These weights are referred to as coordinates and especially to as Green coordinates.

Appendix 0 and especially the section titled “Green coordinates” and equation (4) illustrate a sample of such weighted sums. Appendix 0 and especially the sections titled “our approach” and “GC derivation” and the text that follow equation (9) illustrate sample properties of such coordinates (coordinate functions).

Conveniently, method 100 includes representing the graphical entity as a sum of a third weighted sum of first cage vertices values and a fourth weighted sum of first cage face orientation values; wherein first sum weights equal third sum weights and second sum weights equal fourth sum weights.

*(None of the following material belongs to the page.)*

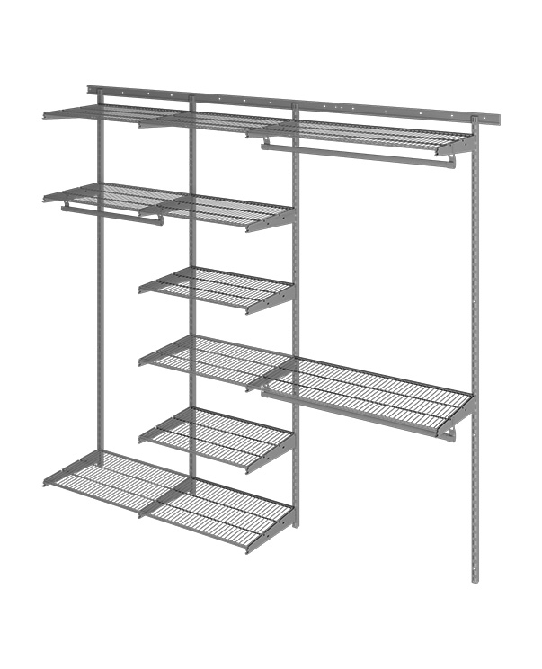 В комплект входят несущие рельсы и навесные направляющие, полки, штанги, аксессуары, крепежные элементы. Можно докупить множество дополнительных компонентов для гардеробной системы.

Appendix 0 and especially the section titled “Green coordinates” and equation (3) illustrate a sample of such weighted sums.

Conveniently, stage 120 of transforming provides a conformal transformation for a two dimensional graphical object and a quasi-conformal transformation for a three dimensional graphical object.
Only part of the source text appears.